Me Snyder soulève de nombreuses nouvelles questions. Pour n’en citer qu’une, nous prenons note qu’il a fait état d’arguments dans le contexte d’une procédure intentée devant la Cour de l’Ontario qui n’a pas encore été officiellement acceptée par cette Cour. Il se fonde sur ces arguments pour laisser entendre que le fonctionnaire s’estimant lésé tente de se faire verser certains dommages-intérêts deux fois. Cela n’a jamais été allégué. Sans entrer dans les détails de la poursuite en question ni rappeler que la question du double paiement a déjà été soulevée en l’occurrence dans une motion déposée par le Conseil national de recherches du Canada et plaidée devant la Cour, le fonctionnaire s’estimant lésé aimerait simplement faire valoir ici que, conformément à la jurisprudence, toutes les questions de double paiement doivent être tranchées dans le contexte de la poursuite judiciaire subséquente. Comme la Cour n’a pas encore ordonné au CNRC de verser des dommages-intérêts, cette poursuite judiciaire n’est pas pertinente en l’espèce.

Me Snyder déclare que d’autres preuves pourraient être nécessaires. Le fonctionnaire s’estimant lésé est disposé à comparaître à d’autres dates pour déposer sa preuve et présenter des arguments sur ses demandes de dommages-intérêts généraux et autres si l’arbitre de grief le juge nécessaire après avoir rendu sa décision sur la question de savoir si elle est dessaisie. Je souligne aussi que, dans la décision récente Bédirian c. Conseil du Trésor (ministère de la Justice), 2006 CRTFP 4, la Commission a déclaré que les fonctionnaires s’estimant lésés dont les griefs sont accueillis peuvent se faire accorder le remboursement de leurs frais de représentation. En l’occurrence, le fonctionnaire s’estimant lésé est un cadre de gestion qui n’a pas l’avantage d’être représenté par un syndicat et qui a dû payer tous ses frais de représentation pour contester la conduite de l’employeur dans les griefs en l’espèce. Qui plus est, il a expressément réclamé le remboursement de ces frais dans ses griefs. Comme il l’a précisé dans ses observations datées du 7 février 2006, on devrait tenir compte de ses frais de représentation dans une éventuelle décision de lui accorder des dommages-intérêts pour les difficultés financières qu’il a éprouvées.

[…]

[11]   À la suite de cet échange de correspondance, il a été proposé qu’une audience soit tenue. Les deux parties ont rejeté cette proposition en convenant que je tranche la question du dessaisissement sur la foi des arguments qu’elles m’avaient soumis par écrit. Une date d’audience pourrait ensuite être fixée sur demande en fonction de ma décision.

Motifs

[12]   Comme les parties l’ont confirmé, le fonctionnaire s’estimant lésé a touché rétroactivement son traitement ainsi que je l’avais ordonné dans la décision 2005 CRTFP 150. Elles n’ont pas pu s’entendre sur la façon de lui payer ses avantages sociaux pour la période pertinente. Les avantages en question comprennent les crédits de congé annuel et de congé de maladie, la prime au rendement, les congés payés pour les Fêtes et les cotisations aux associations professionnelles. Dans la mesure où c’est de cela qu’il s’agit, la question des avantages sociaux devrait être réglée de la façon suivante.

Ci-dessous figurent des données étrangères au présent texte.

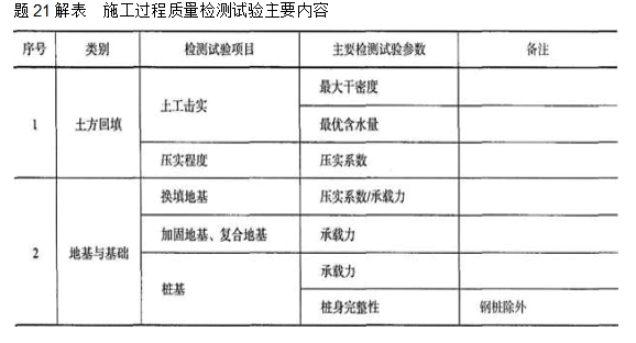 施工过程质量检测试验的内容应依据国家现行相关标准、设计文件、合同要求和施工质量控制的需要确定,主要内容见题21解表。由表可知,为了控制建筑工程地基施工质量需要检测试验的主要参数是地基承载力。
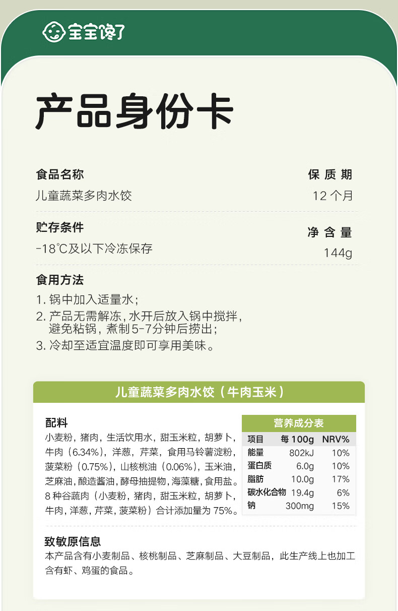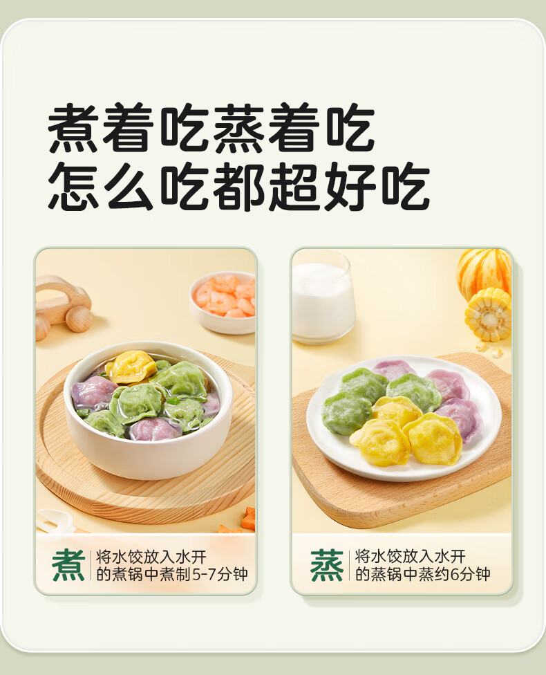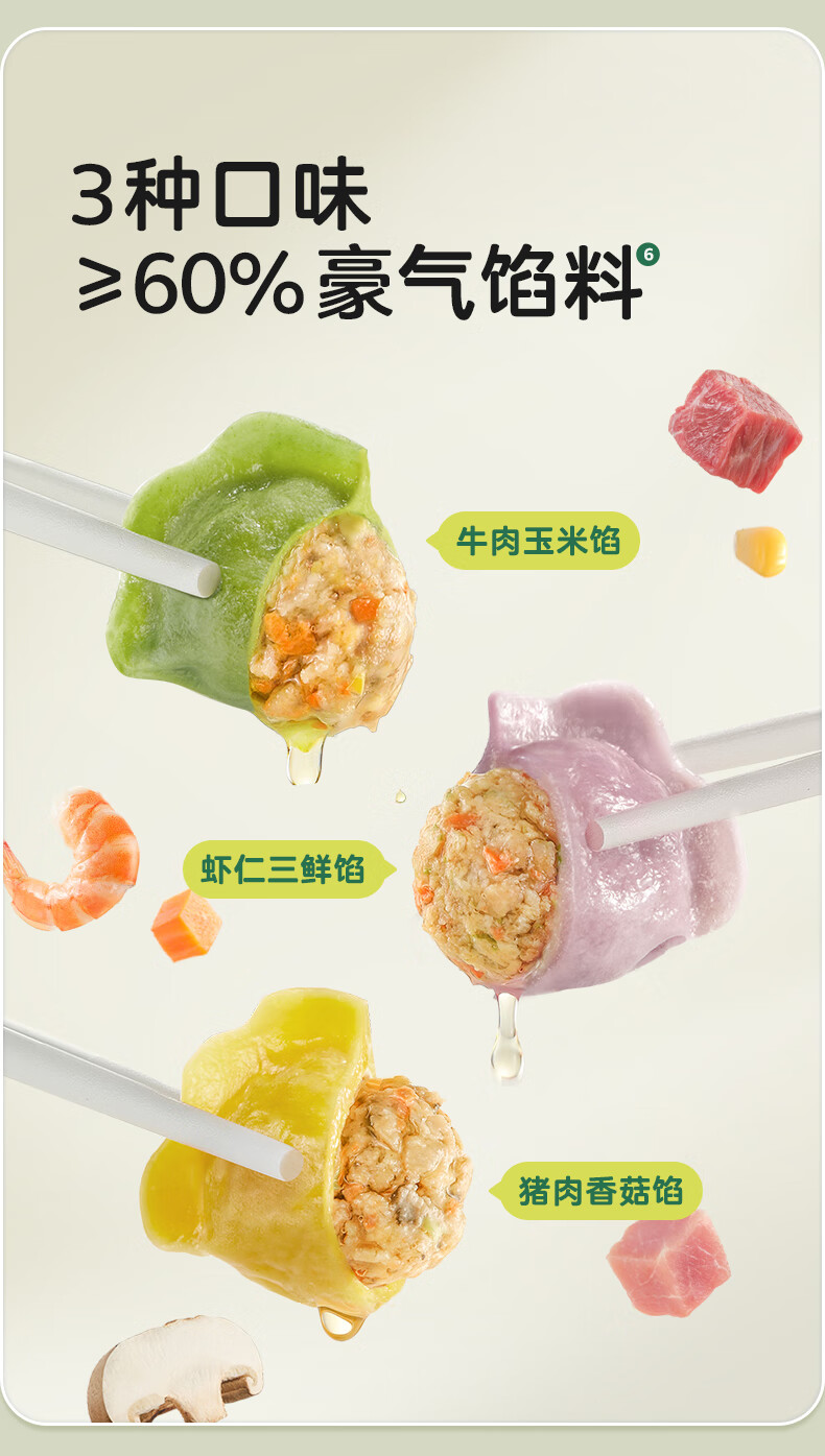 宝宝馋了儿童水饺蔬菜多肉营养辅食儿童早餐饺子半成品享婴儿宝宝辅食食谱 【店长主推】儿童水饺(口味各一)144g*3袋(54只)

Crédits de congé annuel et de congé de maladie et congés pour les périodes de fermeture aux Fêtes

[13]   Le fonctionnaire s’estimant lésé a le droit de faire rétablir ses crédits de congé annuel et de congé de maladie correspondant à ceux qu’il aurait accumulés comme fonctionnaire travaillant à temps plein du 21 juillet 2004, la date de la décision de l’employeur de le considérer comme en situation « pas de travail, pas de rémunération » à celle de sa réintégration, en novembre 2005.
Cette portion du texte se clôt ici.